Yoink! Playwrights and artistic power

Isaac tries (and fails -hahahahaha!) to raise hell by suggesting that the way we think about plays focuses too much on the text/writer. Isaac, perhaps you should try referencing the spontaneous growth of genitalia. At the very least you can insist that not agreeing with you make you un-American - which means you are a terrorist.

Anyway, part of what I like about theatre (as opposed to film) is that it's more democratic than other art forms. There isn't (or rather, doesn't have to be) a central authority figure who makes all the "important" decisions about the play. I like not having complete control over the process. I like the unpredictability of it, how the story and characters in my head can be given a life I never imagined while still using the same base ingredients (my words on the page - whether dialogue or stage directions).

When I write, I deliberately leave space there for an actor, director, or designer to play with. Sure, the story and the words are mine but the performance, the play? Not so much.

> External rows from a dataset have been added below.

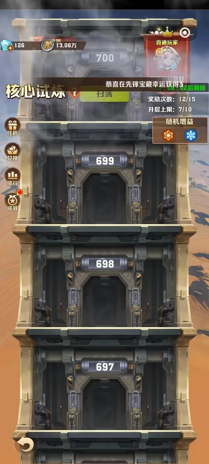 6、爬塔材料只换钥匙碎片,对超武有兴趣的可以买传说级箱子,全是限购一次,增加战力也不错。
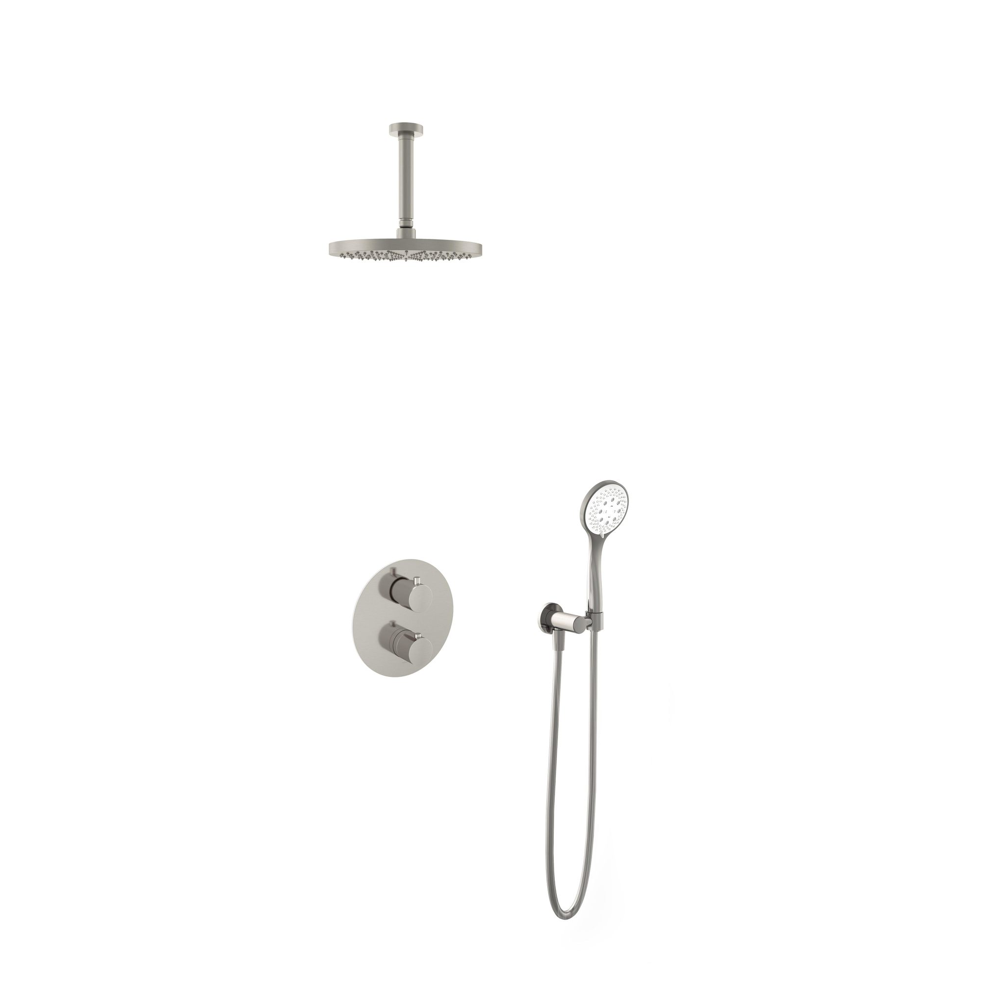 Hotbath Buddy IBS Regendoucheset - 15cm plafondarm - 25cm ronde hoofddouche - 3 standen handdouche - geborsteld nikkel
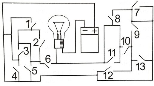 1. Назовите номер выключателя, с помощью которого можно включить лампочку от батарейки. 2. У Вас есть одна розетка на 220В, и 6 (шесть) удлинителей. Сколько электроприборов, можно подключить одновременно? 3. Возможно ли такое включение электроламп? (См...
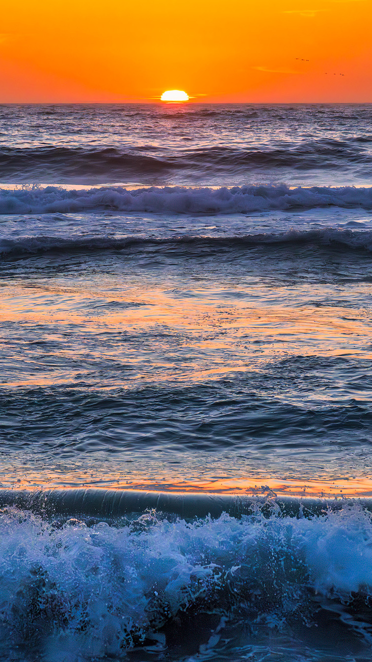 Edytor tapety: Pomarańczowe niebo zachodzącego słońca nad morzem
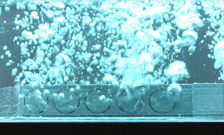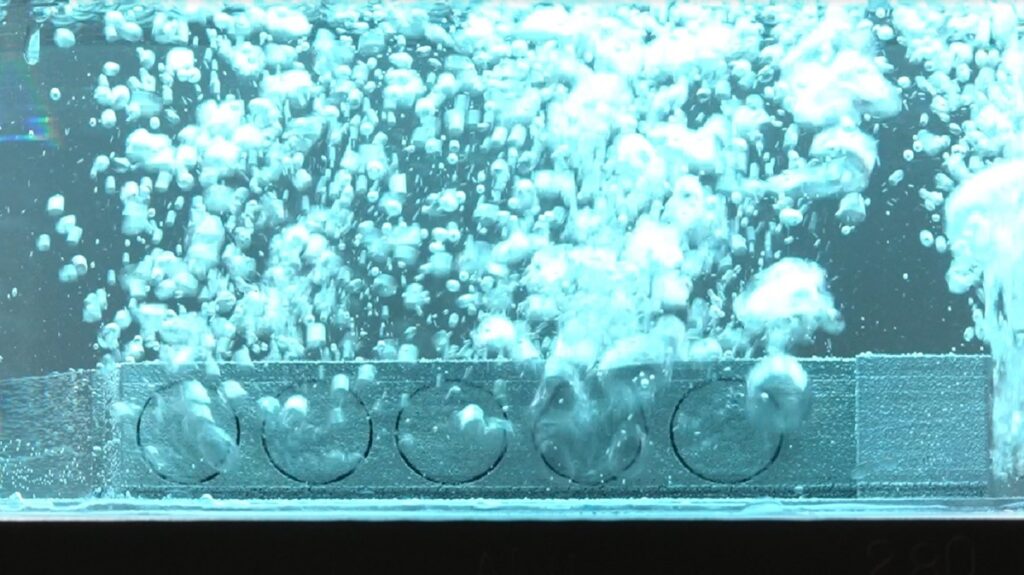 “We brengen hiermee een nieuwe functionaliteit naar 3D printen”, zegt Andreas Vogelpoth van de LPBF Process and Systems Engineering Group bij het Fraunhofer ILT. Op de laserbeurs in München demonstreert het onderzoeksinstituut deze ontwikkeling door een onderdeel met een poreuze structuur onder te dompelen in een bak met water en daar lucht door heen te blazen. De permeabele structuren zijn reproduceerbaar. Op dit moment werken de onderzoekers aan het nauwkeurig sturen van de doorlaatbaarheid door de procesmeters van het AM-proces te veranderen. Een van de concrete toepassingen is de productie van een electrolyser voor de productie van waterstof.

I'm inclined to imagine that this sort of "demand" for knowing who's boss at all times comes from the fact that for most of us born in the latter half of the 20th century, film (including television) has been our default dramatic medium. That world is extremely hierarchal and authoritarian, with the director wielding the most power over a performance. I'm certainly not making any sort of value judgment whatsoever about that since film is what it is - a completely different medium that demands different things from its creators and audiences. But the fact remains that, in film at least, it's a medium that puts directors on top of the creative process.

So, I see Isaac's point, which I want to refine a bit. It's not that there's too much focus on the script. It's that people expect the script to do too much. Several comments in response to Isaac's post hint at that, particularly J. Holtham (99 Seats):
I never really understand why we need to parse it out so much, to what end. I was just talking to Matt Freeman about this the other day and he quoted the old saw about being a playwright and how, if everyone loves the play, they'll credit you, but if no one loves the play, they'll blame you. Every play changes in rehearsal, in performance, has limitations that are fixed by the actors or directors, sometimes in the actual words on the page, sometimes in the performing. We all know this, we've all gone through production, but the attitude is still it's all about the playwright. Which, I think, puts undue pressure on playwrights and adds to the frenzy for The Right Play.
As a writer, I've never understood the "need" to create "actor-proof" or "director-immune" scripts. As far as I'm concerned, I'm just there to get the damn story on paper. My duties are pretty simple. Let my collaborators know who is doing what onstage. That's it. Whether that takes the form of a coherent narrative with more-or-less natural dialogue or is a shifting series of images and/or sounds is anybody's guess. But as far as I'm concerned, that's all I'm there to do.

1 comment:

  1. One word: Copyright.

    That little connection to commerce determines the survival of the work in a cultural archive, since we pooh-pooh any more meaningful commercial archival mechanism (film/DVD). If my slice of the work gets to reside 4eva and ever in the Library of Congress, then am I gonna fight my collaborators about how they say the words as I wrote them. If we advance the conversation about how each collaborator gets a piece of the cultural immortality pie, then things would change for the better -- and the playwright wouldn't be seen as the stick in the mud.

    Operas got over themselves decades ago, about this -- isn't it time that we do, especially considering that theatre actors belong to film and tv unions, too?